Today, SAMSON operates in over 40 countries with more than 4,500 employees and more than 50 subsidiaries, more than 200 engineering and service centers worldwide.

== Products ==
Samson AG specializes in the manufacturing and supply of a wide range of products for process control. Their primary offerings include control valves, self-operated regulators, actuators, and various accessories. They also provide signal converters, automation systems, sensors, and thermostats. Samson AG’s products are designed to control all kinds of media and are used across multiple industries, including chemical, petrochemical, food, pharmaceutical, biotechnology, energy, industrial gases, metallurgy, marine equipment, water and wastewater, and pulp and paper.
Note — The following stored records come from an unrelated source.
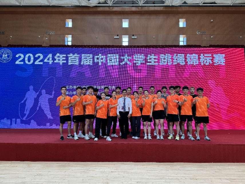 本网讯 2024年首届中国大学生跳绳锦标赛于5月23日至26日在上海财经大学举行。本次比赛汇聚了来自全国各地的58所高校,超过600名跳绳运动员同台竞技。我校花样跳绳队15名队员在领队王红英老师和教练韩耀刚老师的带领下,充分展现顽强拼搏、勇往直前的体育精神,最终荣获4金1银1铜的优异成绩。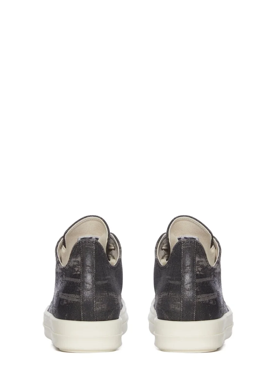 DRKSHDW FW25 CONCORDIANS LOW SNEAKS IN BLACK WASHED FOIL/MILK/MILK 13OZ WASHED FOIL DENIM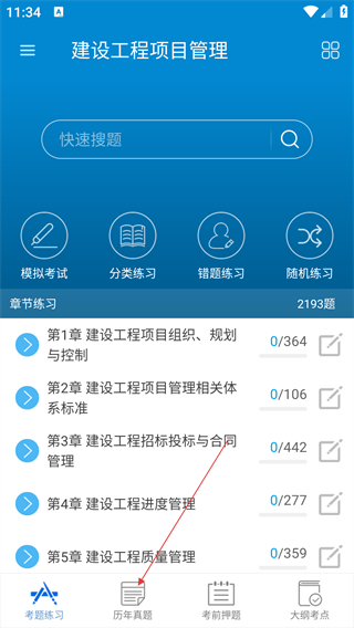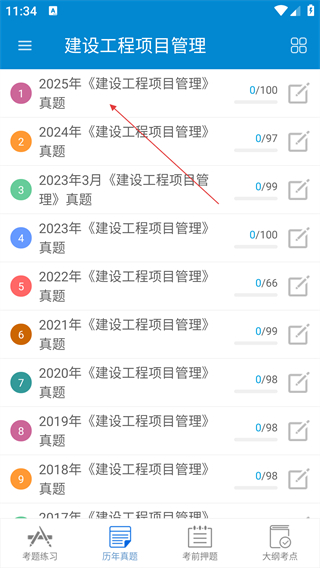 1、点击【历年真题】,进入包含各年份真题的列表页面。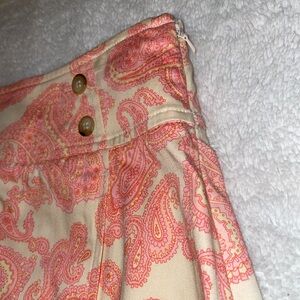 Evan Picone Coral and Yellow Paisley Print A-Line Skirt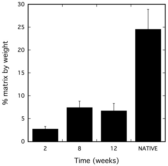 Percent matrix (dry weight/wet weight) for dSRC samples as a function of time and for native cartilage.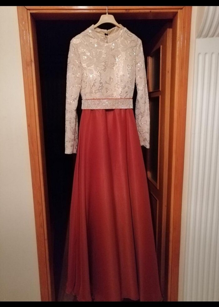 Mezuniyetim de kullanmak için aldığım ve sadece bir kez giydiğim bu elbiseyi satıyorum. Özel günlerinizde de tercih edebilirsiniz. Elbise hakim yakalı, pul payet çiçek işlemeli, uçuşan şifon eteğinin altında hafif kabarık tarlatanı bulunmakta ve iç astarı mevcuttur. Arkası ortadan fermuar kapamalıdır. Kemeri eteğinin parçasındandır. Çantayı ben kombinlemiştim. Yanında hediye ediyorum. Normalde aldığımda 42 bedendi ben 38 beden olarak daralttırdım. Bel kısmı 74 cm, elbise boyu 155cm. Benim boyum 1.69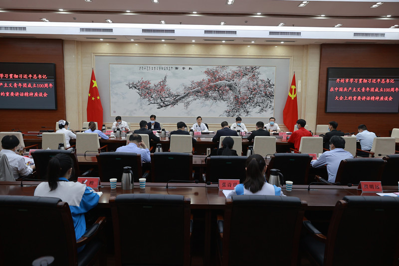5月17日,开封市召开学习贯彻习近平总书记在庆祝中国共产主义青年团成立100周年大会上的重要讲话精神座谈会,市委书记高建军、市委常委、市委组织部部长杨克俊,市委常委、市委秘书长张松文,副市长钱忠宝等领导出席,农学院副院长李浩等开封市9位优秀青年代表应邀参加座谈会。座谈会由市委副书记、市委政法委书记卢志军主持。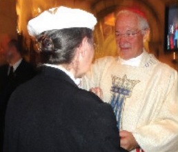Les Pèlerins de saint Michel ont assisté à la messe solennelle célébrée par son Éminence le Cardinal Marc Ouellet, à la Basilique de Ste-Anne de Beaupré, à l’occasion de la cérémonie d’adieu avant son départ pour Rome. Nous voyons ici Mlle Marcelle Caya, missionnaire à plein temps dans l’Oeuvre de Vers Demain, heureuse de recevoir la bénédiction et de remercier son Éminence pour l’influence bénéfique qu’il a exercée auprès des fidèles pendant son mandat de Primat de l’Église du Canada.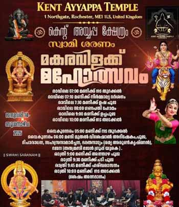 റോച്ചസ്റ്റര്, കെന്റ്: ഇംഗ്ലണ്ടിലെ കെന്റ് അയ്യപ്പ ക്ഷേത്രത്തില് ജനുവരി 14ബുധനാഴ്ച മകരവിളക്ക് മഹോത്സവം ഭക്ത്യാദരപൂര്വം ആഘോഷിക്കുന്നു. അയ്യപ്പ ഭക്തര്ക്കായി സമ്പൂര്ണമായ പൂജാ-ആചാരങ്ങളും സാംസ്കാരിക പരിപാടികളും സംഘടിപ്പിച്ചിരിക്കുന്നു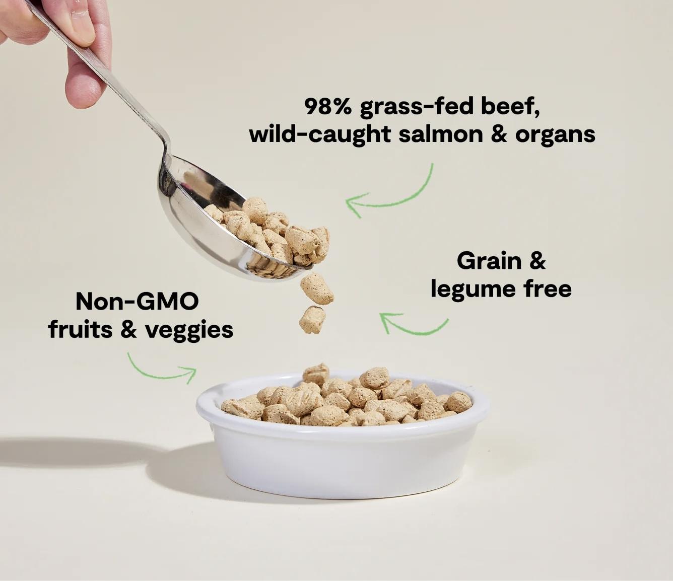 我們的海鮮大餐配方含有特別調配的 98% 野生捕獲的鮭魚、草飼牛肉和營養豐富的器官肉(包括牛心、牛肝和牛骨),是貓咪無法抗拒的真正獵物模式飲食。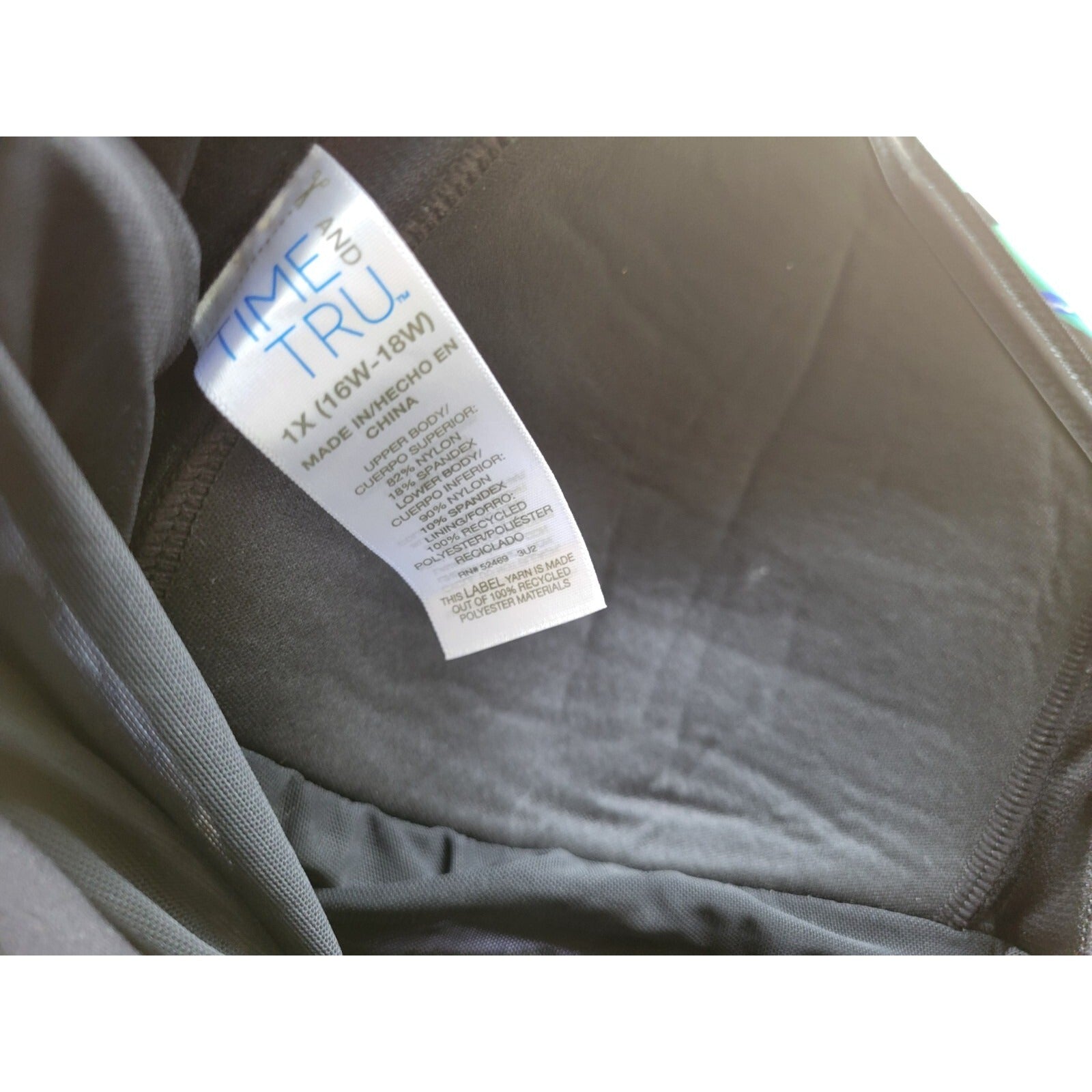 Elevate your swimwear collection with this stunning Time And Tru women's swim top in a beautiful blue watercolor design. This top comes in size 1X and features adjustable straps for a comfortable fit. Built-in bra and lined material provide added support for all-day comfort. Crafted from a blend of nylon and spandex, this top is machine washable for easy care. Perfect for a day at the beach or pool, this top is a must-have addition to any swimwear collection. Don't miss out on the chance to own this stylish and comfortable swim top.

Additionally, SAMSON AG's associated companies AIR TORQUE S.p.A., CERA SYSTEM Verschleißschutz GmbH, KT-Elektronik GmbH, LEUSCH GmbH Industriearmaturen, Pfeiffer Chemie-Armaturenbau GmbH, RINGO VÁLVULAS S.L., SED FLow Control GmbH, STARLINE S.p.A., and VETEC Ventiltechnik GmbH offer technologies for severe requirements: e.g. abrasive and contaminated fluids, high shutdown pressures, lowest interior and exterior leak rates, quick-action, on-off, and control functions, as well as alloys like Monel, Hastelloy, titanium, zirconium, duplex, etc.

==Board of directors==
The board of directors at Samson AG is composed of key executives who oversee various aspects of the company’s operations. Dr. Andreas Widl serves as the chief executive officer (CEO) and chairman of the executive board. Dr. Dominic Deller holds the position of chief financial officer (CFO), responsible for finance and human resources.